BEGIN MATERIAL PROVIDED
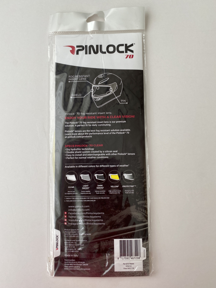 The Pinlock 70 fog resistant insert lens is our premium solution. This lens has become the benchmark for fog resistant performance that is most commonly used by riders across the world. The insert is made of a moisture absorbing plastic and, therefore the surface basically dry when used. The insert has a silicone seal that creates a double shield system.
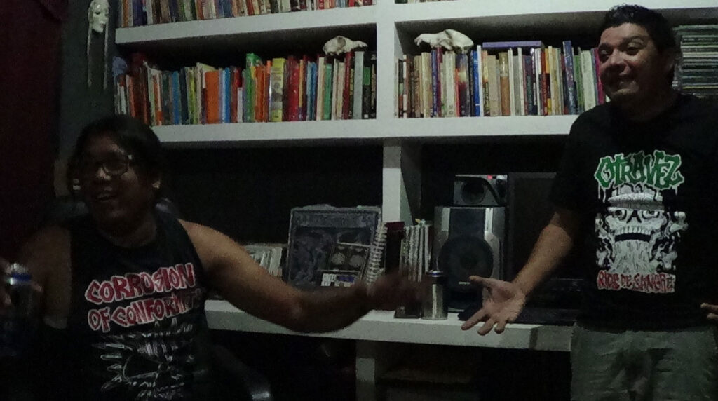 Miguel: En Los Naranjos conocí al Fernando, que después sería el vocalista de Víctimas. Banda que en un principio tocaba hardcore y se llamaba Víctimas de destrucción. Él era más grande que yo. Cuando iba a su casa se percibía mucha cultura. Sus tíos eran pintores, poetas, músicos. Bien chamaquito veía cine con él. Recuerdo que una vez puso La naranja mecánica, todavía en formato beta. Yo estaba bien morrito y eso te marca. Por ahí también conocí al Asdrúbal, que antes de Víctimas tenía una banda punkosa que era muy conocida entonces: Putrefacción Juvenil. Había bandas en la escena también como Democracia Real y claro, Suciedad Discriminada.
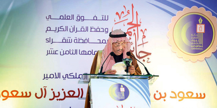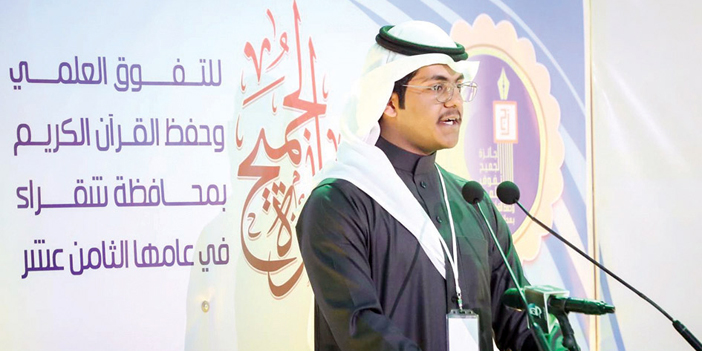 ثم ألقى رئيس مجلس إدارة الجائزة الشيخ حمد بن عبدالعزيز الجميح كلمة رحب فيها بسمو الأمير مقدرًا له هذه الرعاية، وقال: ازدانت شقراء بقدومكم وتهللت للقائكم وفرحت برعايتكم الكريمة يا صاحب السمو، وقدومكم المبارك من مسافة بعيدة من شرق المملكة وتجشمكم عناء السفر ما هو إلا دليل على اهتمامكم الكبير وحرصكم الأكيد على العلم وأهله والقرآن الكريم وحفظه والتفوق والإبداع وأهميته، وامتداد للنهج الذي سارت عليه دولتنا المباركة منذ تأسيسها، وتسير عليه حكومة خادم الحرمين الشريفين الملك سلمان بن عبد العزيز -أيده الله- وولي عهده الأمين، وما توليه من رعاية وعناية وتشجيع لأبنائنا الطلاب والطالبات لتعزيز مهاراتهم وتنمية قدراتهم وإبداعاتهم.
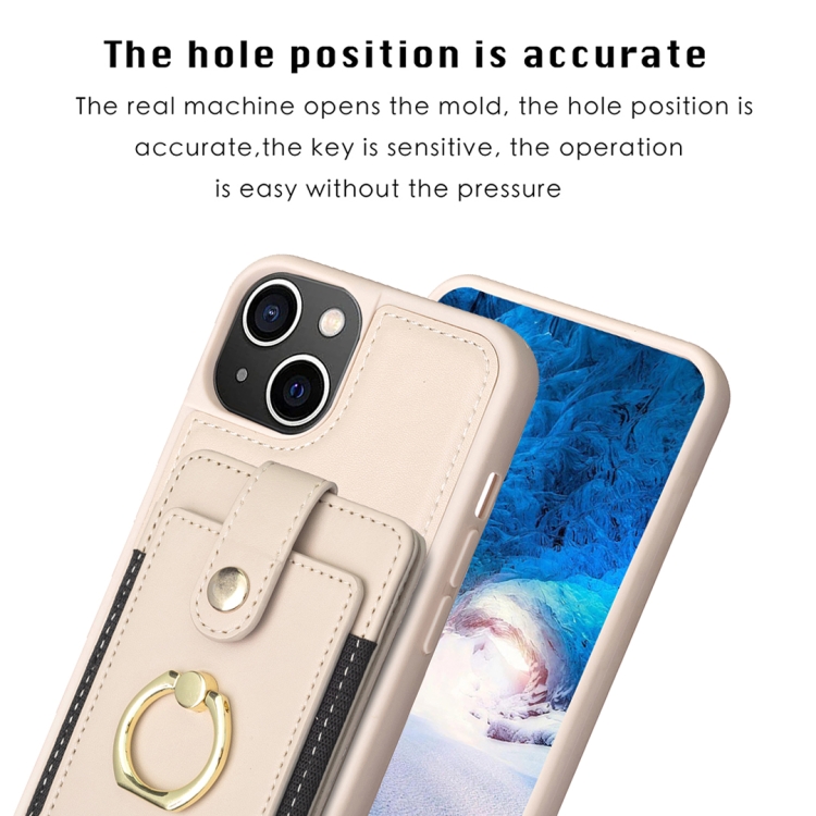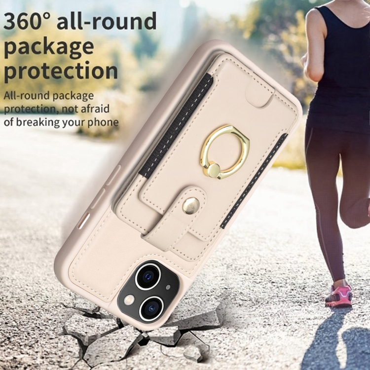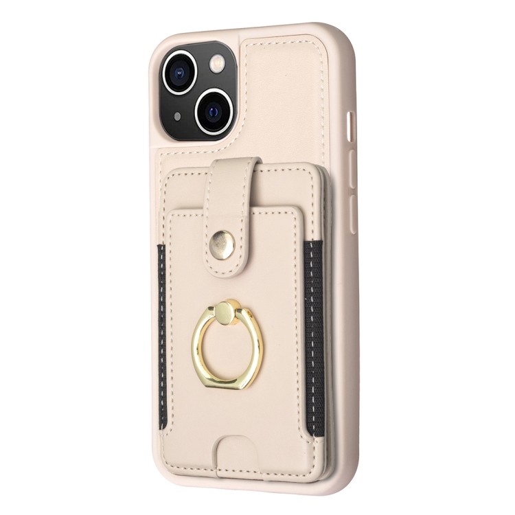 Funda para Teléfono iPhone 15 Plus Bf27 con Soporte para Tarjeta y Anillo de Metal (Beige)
END MATERIAL PROVIDED
WHAT TO WORK ON:
Return all the lines above exactly; none of the pictures should appear.

EXERCISE RESULT:
 The Pinlock 70 fog resistant insert lens is our premium solution. This lens has become the benchmark for fog resistant performance that is most commonly used by riders across the world. The insert is made of a moisture absorbing plastic and, therefore the surface basically dry when used. The insert has a silicone seal that creates a double shield system.
 Miguel: En Los Naranjos conocí al Fernando, que después sería el vocalista de Víctimas. Banda que en un principio tocaba hardcore y se llamaba Víctimas de destrucción. Él era más grande que yo. Cuando iba a su casa se percibía mucha cultura. Sus tíos eran pintores, poetas, músicos. Bien chamaquito veía cine con él. Recuerdo que una vez puso La naranja mecánica, todavía en formato beta. Yo estaba bien morrito y eso te marca. Por ahí también conocí al Asdrúbal, que antes de Víctimas tenía una banda punkosa que era muy conocida entonces: Putrefacción Juvenil. Había bandas en la escena también como Democracia Real y claro, Suciedad Discriminada.
 ثم ألقى رئيس مجلس إدارة الجائزة الشيخ حمد بن عبدالعزيز الجميح كلمة رحب فيها بسمو الأمير مقدرًا له هذه الرعاية، وقال: ازدانت شقراء بقدومكم وتهللت للقائكم وفرحت برعايتكم الكريمة يا صاحب السمو، وقدومكم المبارك من مسافة بعيدة من شرق المملكة وتجشمكم عناء السفر ما هو إلا دليل على اهتمامكم الكبير وحرصكم الأكيد على العلم وأهله والقرآن الكريم وحفظه والتفوق والإبداع وأهميته، وامتداد للنهج الذي سارت عليه دولتنا المباركة منذ تأسيسها، وتسير عليه حكومة خادم الحرمين الشريفين الملك سلمان بن عبد العزيز -أيده الله- وولي عهده الأمين، وما توليه من رعاية وعناية وتشجيع لأبنائنا الطلاب والطالبات لتعزيز مهاراتهم وتنمية قدراتهم وإبداعاتهم.
 Funda para Teléfono iPhone 15 Plus Bf27 con Soporte para Tarjeta y Anillo de Metal (Beige)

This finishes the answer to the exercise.